[Source records]
....
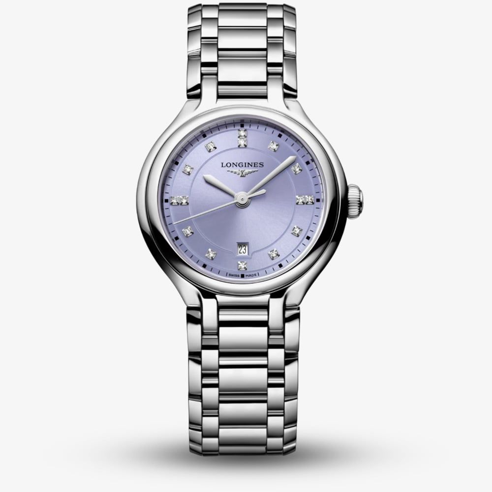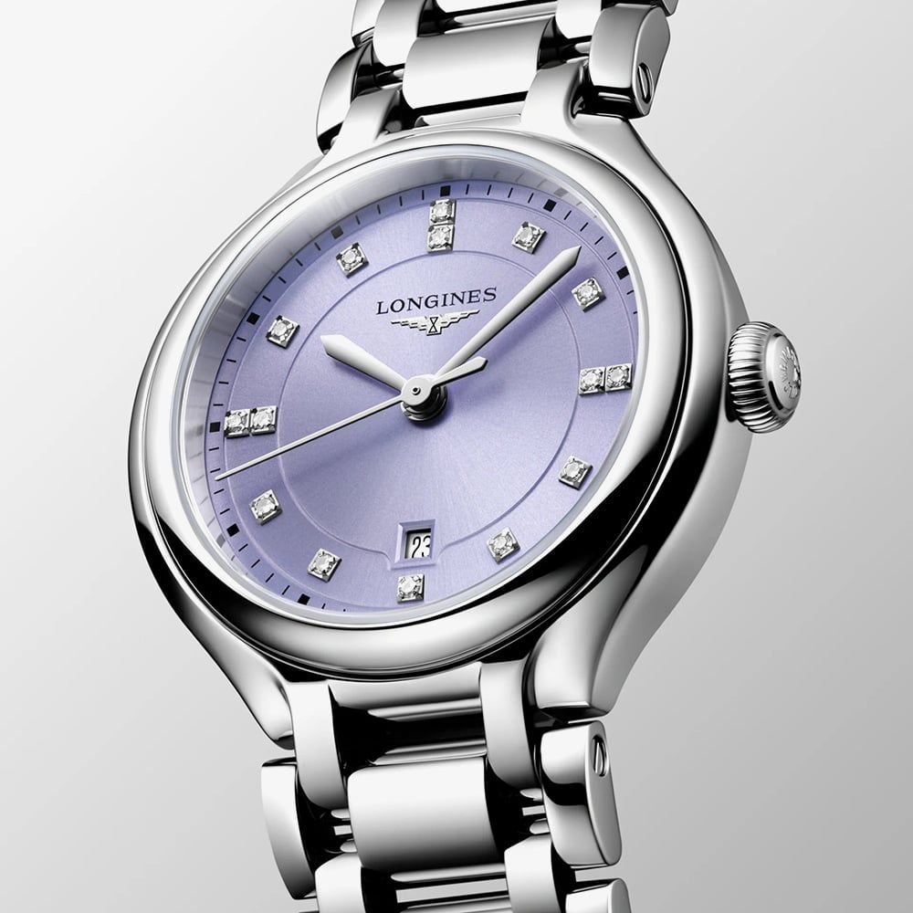 Experience refined luxury with the Longines PrimaLuna Watch, featuring a stainless steel round case and matching bracelet. The deep purple dial is set with 15 Top Wesselton VS-SI diamonds totalling 0.057ct as hour markers, with a practical date window at 6 o’clock. A striking blend of colour and craftsmanship, this elegant timepiece is perfect for everyday sophistication or special occasions.
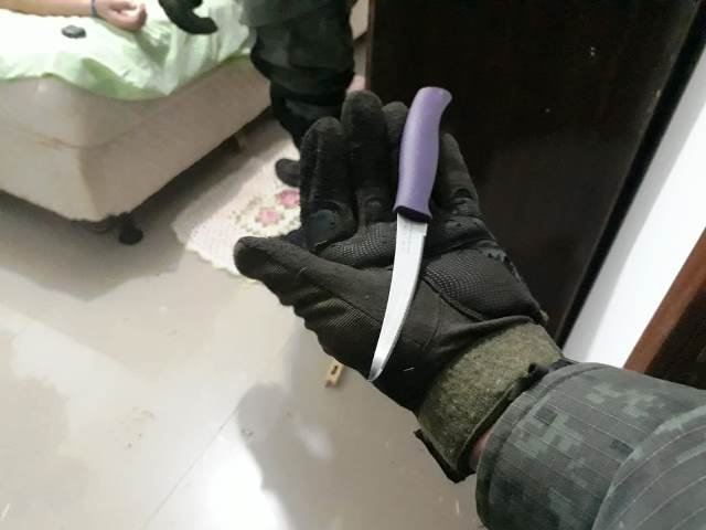 Segundo o boletim de ocorrência uma senhora de 58 anos após ingerir bebida alcoólica, discutir com sua filha e se trancar num dos quartos, ameaçava se matar com uma faca de cozinha.
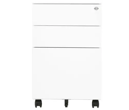 Kontorikapp on valmistatud terasest, muutes selle vastupidavaks ja kergesti puhastatavaks. 3 sahtli ja lukuga failikapp võimaldab teil faile kenasti erinevatesse kategooriatesse sortida ja faile turvaliselt hoida. Iga sahtel on varustatud 1 eemaldatava riputuslatiga, mida saab vabalt kombineerida kirja suuruse, ametliku dokumendi suuruse ja A4 rippuva failikausta hoidmiseks. Mobiilsel kapil on pliiatsialus, mis muudab teie töölaua korrastatumaks. 3 sektsiooniga kuullaagritega sahtlid tagavad sujuva avanemise ja sulgemise, isegi suurema koormuse korral saab neid sahtleid täielikult välja tõmmata.
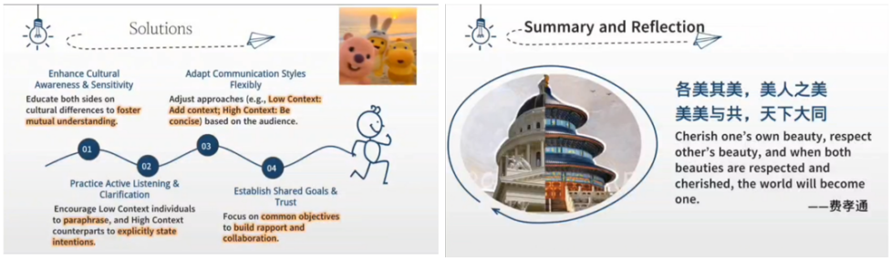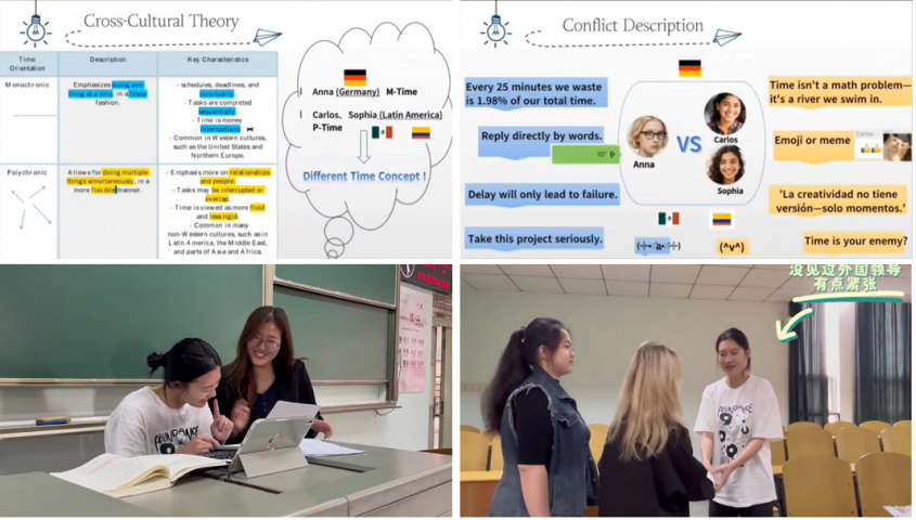 这些表演不仅幽默风趣,更引发了大家对文化差异的深入思考。在分析环节,同学们结合高低语境理论、文化维度理论等,从多角度解读冲突背后的文化根源,并提出了化解矛盾的建议。
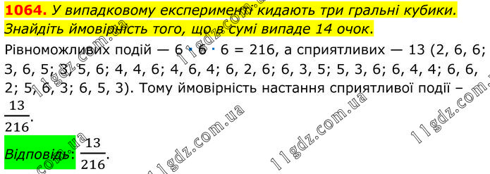 У випадковому експерименті кидають три гральні кубики. Знайдіть ймовірність того, що в сумі випаде 14 очок. Рівноможливих подій — 6 ∙ 6 ∙ 6 = 216, а сприятливих — 13 (2, 6, 6; З, 6, 5; 3, 5, 6; 4, 4, 6; 4, 6, 4; 6, 2, 6; 6, 3, 5; 5, 3, 6; 6, 4, 4; 6, 6, 2; 5, 6, 3; 6, 5, 3). Тому ймовірність настання сприятливої події – 13/216. Відповідь: 13/216.
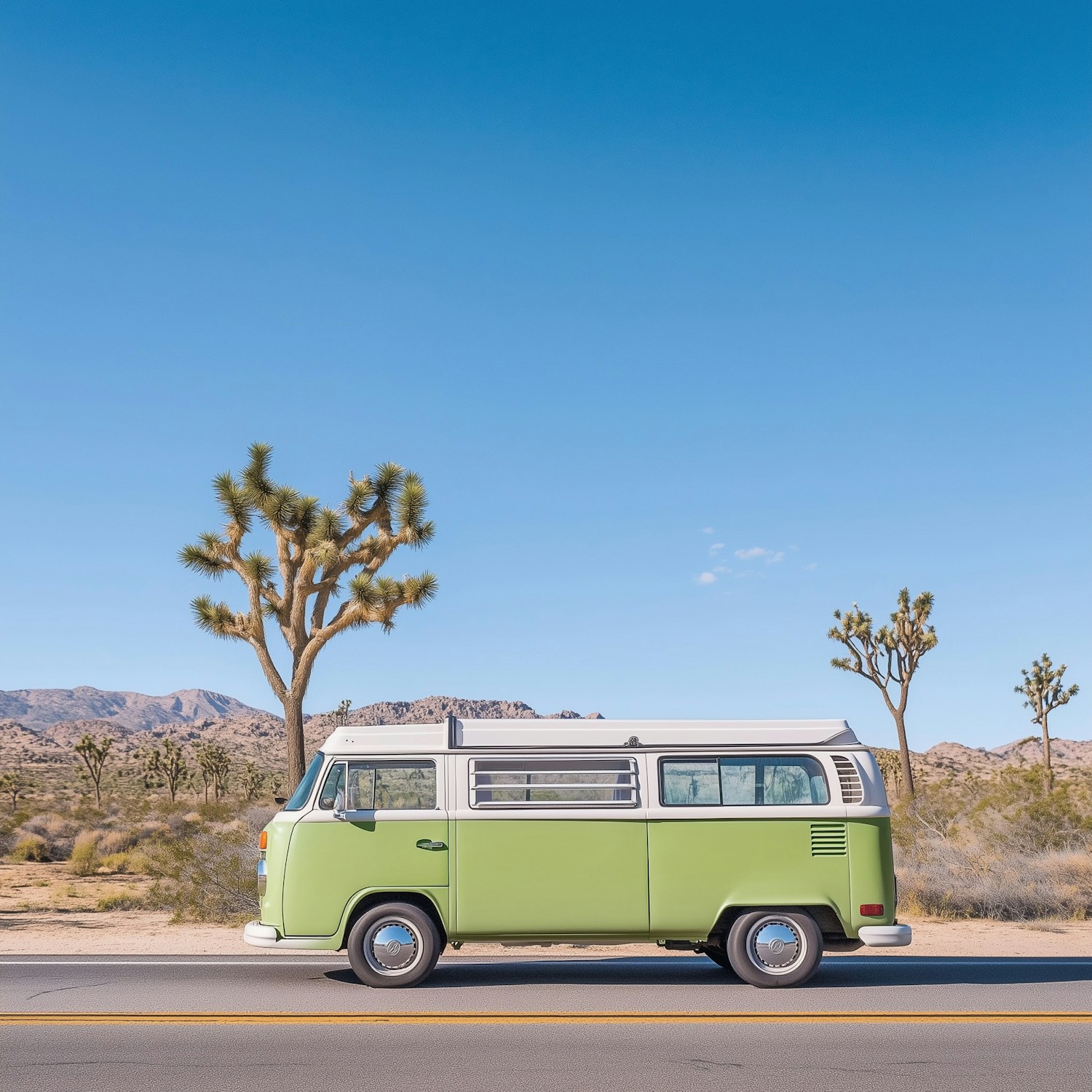 Retro green camper van on a desert road with Joshua trees and mountains under a clear blue sky. Perfect road trip vibes!
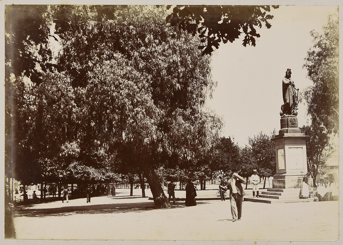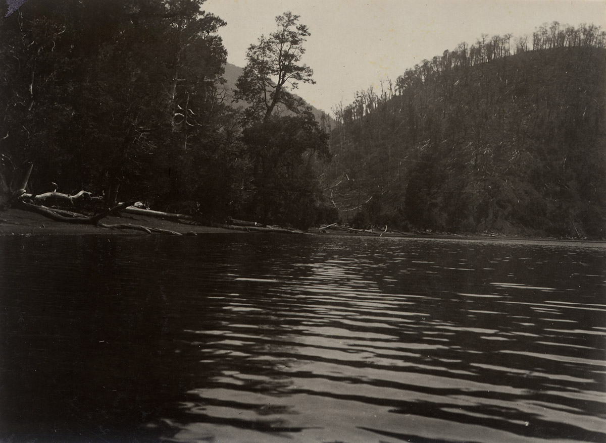 Vista de la orilla de un lago, donde se aprecia varios árboles y Vegetación. De fondo, parte de las laderas de cerros que rodean el lago y un volcan envuelto en nieve.
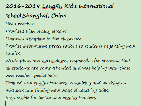 國(guó)籍: 俄羅斯 求職意向: 教師
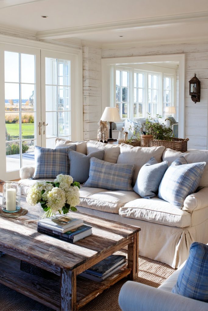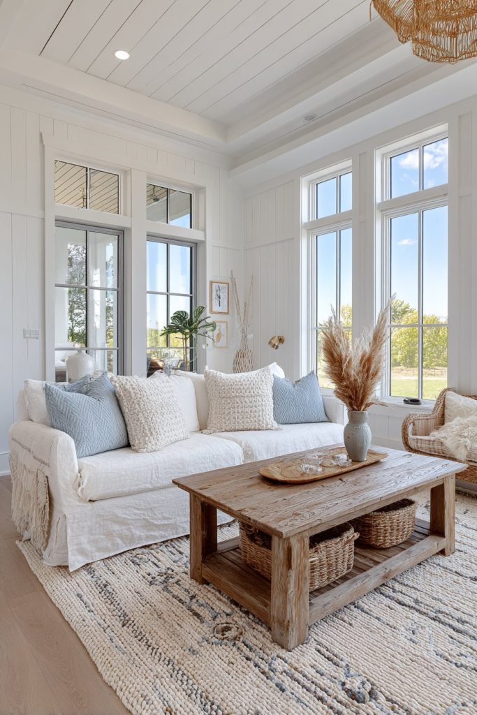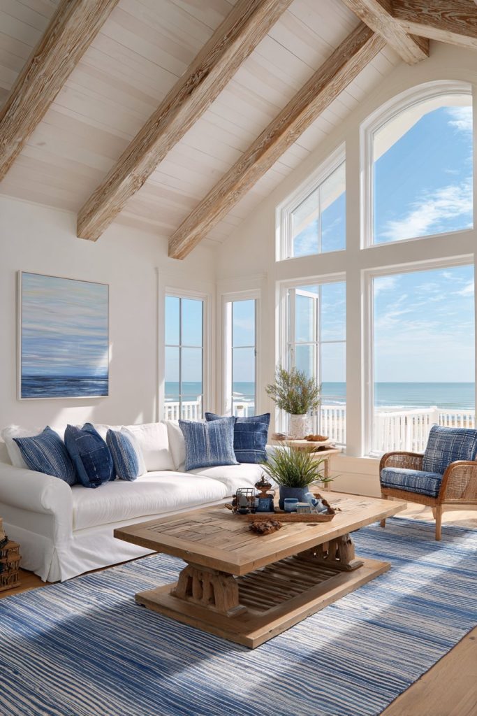 - Incorporate whitewashed furniture for light, airy coastal atmosphere
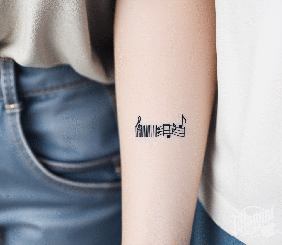 Tetování hudba, noty, čárový kód na předloktí
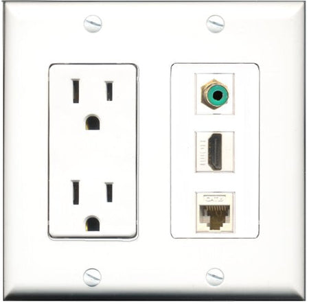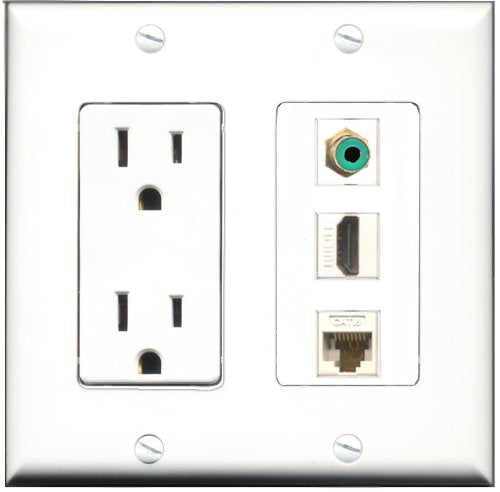 Please note: It is required to install this item in a divided outlet box. Recommended compatible outlet boxes Carlon BH234R (Old work). This is a 2 Piece Decorative Wall Plate (plate and plate cover). Tooless connection, Just plug one cable into the front and one into the back. Outlet needs to be hard wired as a regular outlet. High quality, screws included. Fits standard outlet boxes, decora(tive) plates and mounting brackets. Female on both sides of the plate jacks for easy plugin. 4 inch distance between screws. This is not a GFCI outlet and is not to be installed near or behind a kitchen sink, bathtub, bathroom or within 12-15 feet of any source of water. Must be installed into a new or existing plastic or metal outlet electrical box for safety. Do not install this with a drywall only mounting bracket.
....
▸ WORK ORDER:
Working from the data above, repeat exactly, and only, the lines that begin at the line containing "Segundo o boletim" and stop after the line containing "这些表演不仅幽默风趣,更引发"; pictures are not copied.

▸ ANSWER FOR THIS EXERCISE:
 Segundo o boletim de ocorrência uma senhora de 58 anos após ingerir bebida alcoólica, discutir com sua filha e se trancar num dos quartos, ameaçava se matar com uma faca de cozinha.
 Kontorikapp on valmistatud terasest, muutes selle vastupidavaks ja kergesti puhastatavaks. 3 sahtli ja lukuga failikapp võimaldab teil faile kenasti erinevatesse kategooriatesse sortida ja faile turvaliselt hoida. Iga sahtel on varustatud 1 eemaldatava riputuslatiga, mida saab vabalt kombineerida kirja suuruse, ametliku dokumendi suuruse ja A4 rippuva failikausta hoidmiseks. Mobiilsel kapil on pliiatsialus, mis muudab teie töölaua korrastatumaks. 3 sektsiooniga kuullaagritega sahtlid tagavad sujuva avanemise ja sulgemise, isegi suurema koormuse korral saab neid sahtleid täielikult välja tõmmata.
 这些表演不仅幽默风趣,更引发了大家对文化差异的深入思考。在分析环节,同学们结合高低语境理论、文化维度理论等,从多角度解读冲突背后的文化根源,并提出了化解矛盾的建议。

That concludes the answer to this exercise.